Problem to solve
Repeat the data below in full. Pictures must not be part of the copy.

Provided material
#####
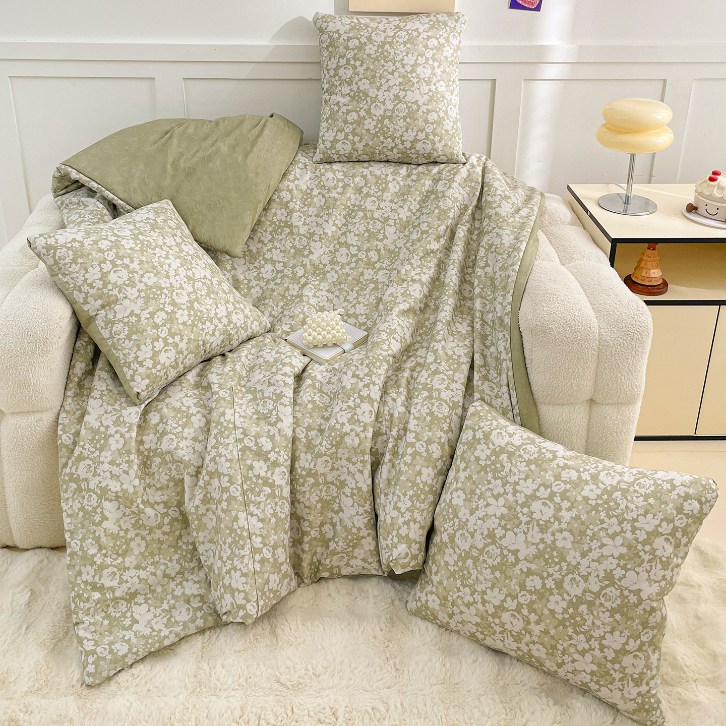 多米家居 2025新款全棉口袋印花抱枕被 森境-绿
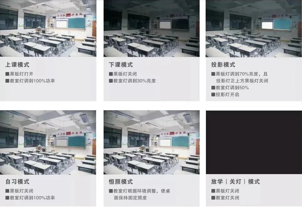 按需照明滿(mǎn)足授課、投影、自習(xí)、午休等多種場(chǎng)景3. 不同時(shí)間段內(nèi)調(diào)光可根據(jù)學(xué)校作息時(shí)間設(shè)置燈光亮度,按作息時(shí)間表順序運(yùn)行。
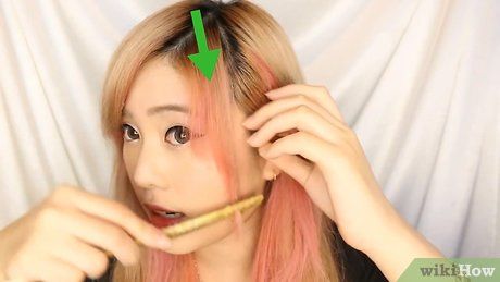 Locate the highest point of your eyebrow. Typically, this is the center or the most prominent point of your eyebrow, which will help you estimate the width of your bangs. If you're cutting new bangs, measure a line from the highest point of the eyebrow upwards to the hairline. Part your hair from the end of that line. Move the hair on one side of the part to the center of your forehead and pin the remaining hair back to separate your bangs.
#####
Response
 多米家居 2025新款全棉口袋印花抱枕被 森境-绿
 按需照明滿(mǎn)足授課、投影、自習(xí)、午休等多種場(chǎng)景3. 不同時(shí)間段內(nèi)調(diào)光可根據(jù)學(xué)校作息時(shí)間設(shè)置燈光亮度,按作息時(shí)間表順序運(yùn)行。
 Locate the highest point of your eyebrow. Typically, this is the center or the most prominent point of your eyebrow, which will help you estimate the width of your bangs. If you're cutting new bangs, measure a line from the highest point of the eyebrow upwards to the hairline. Part your hair from the end of that line. Move the hair on one side of the part to the center of your forehead and pin the remaining hair back to separate your bangs.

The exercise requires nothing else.